**Instructions for the task**
When you copy from the entries that follow, take only the lines from the one with "Dzire to Excel." down to the one with "This is a used", keeping both ends and dropping every picture.

**Data records**
⁂

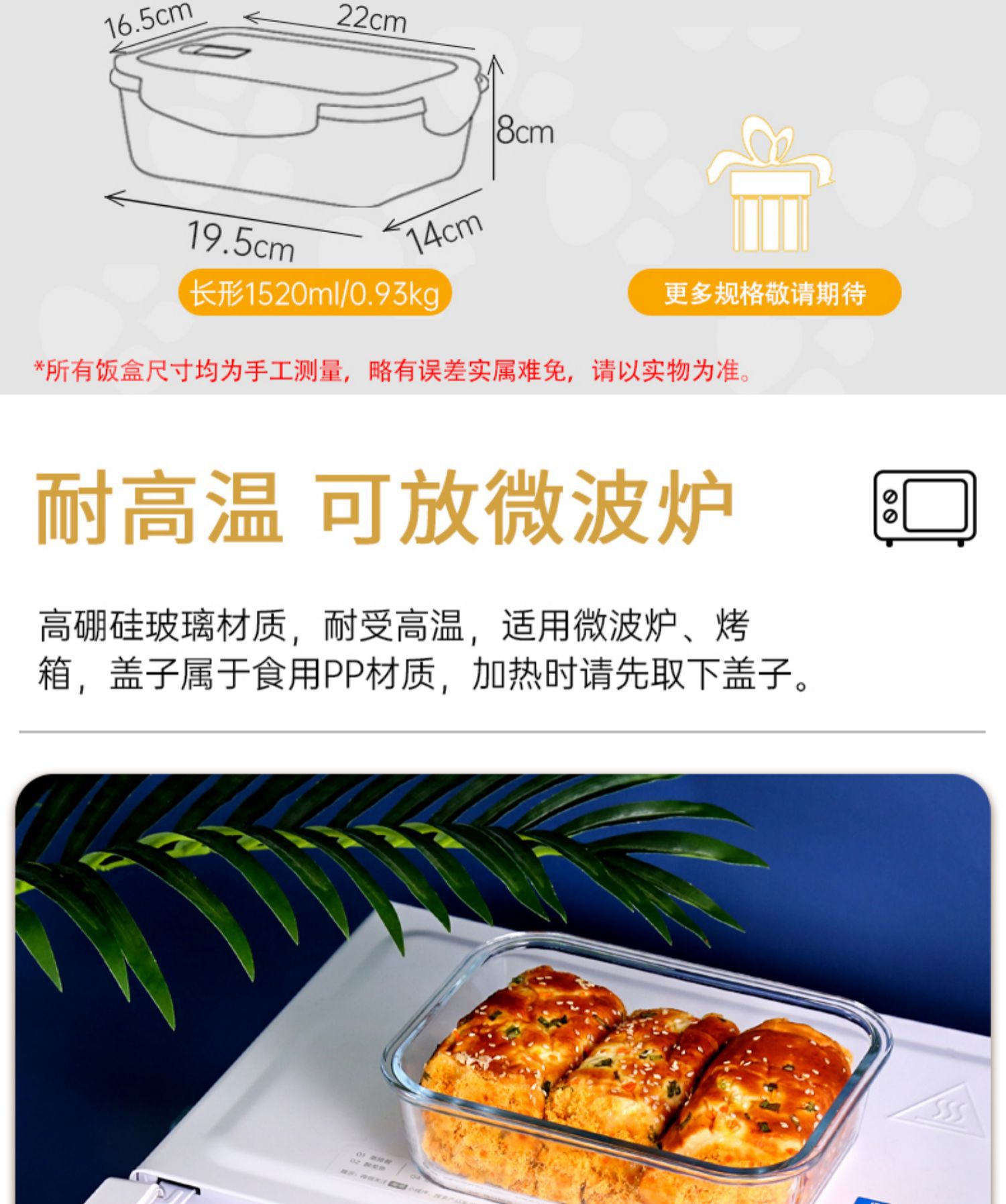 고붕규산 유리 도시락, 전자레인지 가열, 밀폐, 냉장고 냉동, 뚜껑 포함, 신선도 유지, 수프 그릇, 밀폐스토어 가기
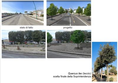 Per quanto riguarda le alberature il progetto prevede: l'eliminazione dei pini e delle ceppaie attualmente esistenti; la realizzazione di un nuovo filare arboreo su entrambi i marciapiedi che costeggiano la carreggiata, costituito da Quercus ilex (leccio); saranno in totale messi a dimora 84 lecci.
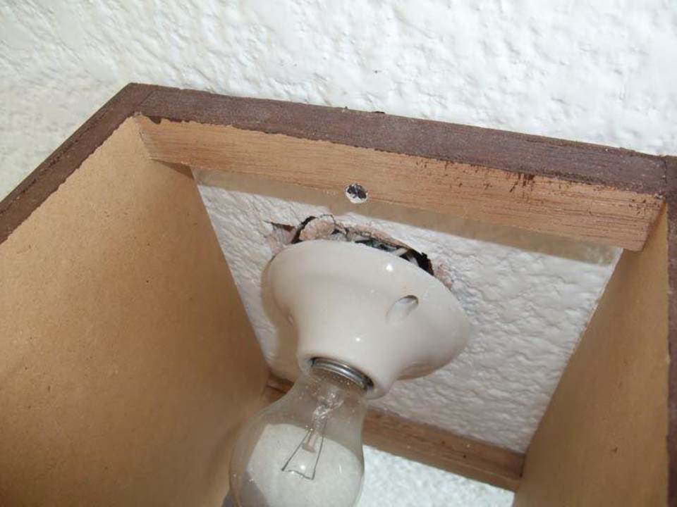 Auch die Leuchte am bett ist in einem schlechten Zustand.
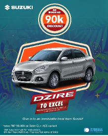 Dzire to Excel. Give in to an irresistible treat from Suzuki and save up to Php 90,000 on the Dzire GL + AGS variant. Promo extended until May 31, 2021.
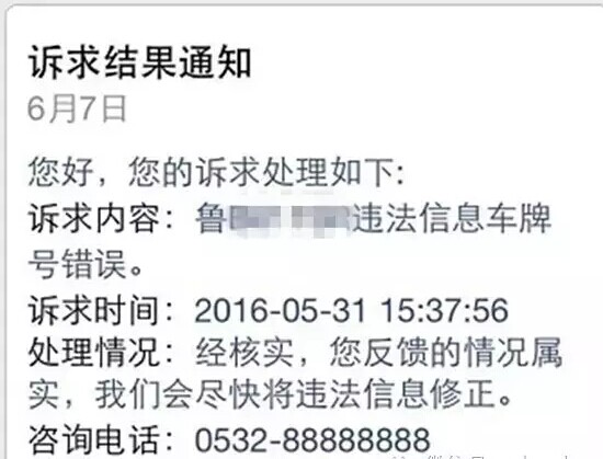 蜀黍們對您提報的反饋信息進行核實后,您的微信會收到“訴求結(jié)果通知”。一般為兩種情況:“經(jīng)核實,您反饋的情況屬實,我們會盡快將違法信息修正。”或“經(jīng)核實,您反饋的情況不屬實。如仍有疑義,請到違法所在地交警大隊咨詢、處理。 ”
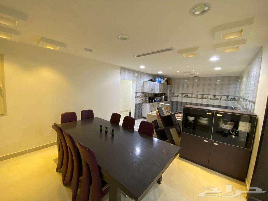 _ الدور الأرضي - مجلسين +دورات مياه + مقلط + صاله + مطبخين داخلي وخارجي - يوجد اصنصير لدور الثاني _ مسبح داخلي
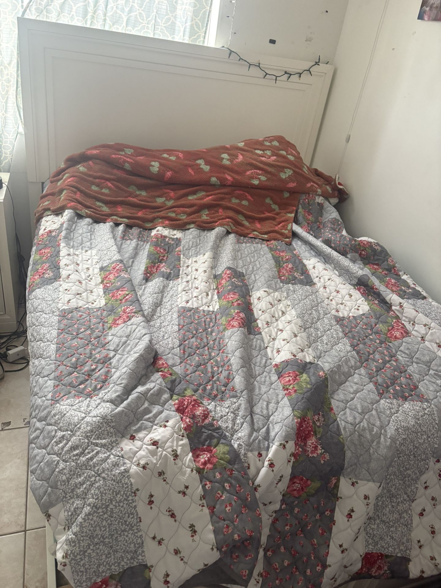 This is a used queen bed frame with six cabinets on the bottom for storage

⁂

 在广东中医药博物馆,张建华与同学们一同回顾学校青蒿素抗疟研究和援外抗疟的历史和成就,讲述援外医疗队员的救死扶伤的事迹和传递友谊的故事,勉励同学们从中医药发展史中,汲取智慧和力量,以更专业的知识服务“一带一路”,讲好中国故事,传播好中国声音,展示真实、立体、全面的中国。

⁂

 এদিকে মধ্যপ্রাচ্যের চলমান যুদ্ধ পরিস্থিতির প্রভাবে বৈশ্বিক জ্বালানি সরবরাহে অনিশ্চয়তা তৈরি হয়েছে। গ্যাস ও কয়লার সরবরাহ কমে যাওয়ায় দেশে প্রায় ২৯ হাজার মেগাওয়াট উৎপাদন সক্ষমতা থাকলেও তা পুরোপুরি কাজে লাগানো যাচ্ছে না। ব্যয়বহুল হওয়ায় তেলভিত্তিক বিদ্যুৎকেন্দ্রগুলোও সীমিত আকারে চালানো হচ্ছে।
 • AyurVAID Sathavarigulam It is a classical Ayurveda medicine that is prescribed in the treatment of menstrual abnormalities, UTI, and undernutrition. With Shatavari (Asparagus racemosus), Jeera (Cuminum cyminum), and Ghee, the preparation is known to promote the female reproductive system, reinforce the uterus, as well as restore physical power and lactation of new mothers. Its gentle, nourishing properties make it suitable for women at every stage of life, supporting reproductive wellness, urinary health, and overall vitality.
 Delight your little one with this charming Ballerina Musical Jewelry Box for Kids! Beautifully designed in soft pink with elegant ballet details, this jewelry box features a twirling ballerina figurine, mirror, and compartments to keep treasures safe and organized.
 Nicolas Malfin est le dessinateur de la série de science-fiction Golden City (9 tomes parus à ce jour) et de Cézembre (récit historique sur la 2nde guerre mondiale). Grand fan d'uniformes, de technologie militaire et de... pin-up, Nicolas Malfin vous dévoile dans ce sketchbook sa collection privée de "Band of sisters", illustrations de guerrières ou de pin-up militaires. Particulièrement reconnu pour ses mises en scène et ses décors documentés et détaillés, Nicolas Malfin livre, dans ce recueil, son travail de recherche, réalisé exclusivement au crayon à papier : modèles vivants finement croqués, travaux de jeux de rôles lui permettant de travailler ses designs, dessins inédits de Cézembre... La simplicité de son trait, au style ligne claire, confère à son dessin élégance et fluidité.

⁂

**The completed task**
 Dzire to Excel. Give in to an irresistible treat from Suzuki and save up to Php 90,000 on the Dzire GL + AGS variant. Promo extended until May 31, 2021.
 蜀黍們對您提報的反饋信息進行核實后,您的微信會收到“訴求結(jié)果通知”。一般為兩種情況:“經(jīng)核實,您反饋的情況屬實,我們會盡快將違法信息修正。”或“經(jīng)核實,您反饋的情況不屬實。如仍有疑義,請到違法所在地交警大隊咨詢、處理。 ”
 _ الدور الأرضي - مجلسين +دورات مياه + مقلط + صاله + مطبخين داخلي وخارجي - يوجد اصنصير لدور الثاني _ مسبح داخلي
 This is a used queen bed frame with six cabinets on the bottom for storage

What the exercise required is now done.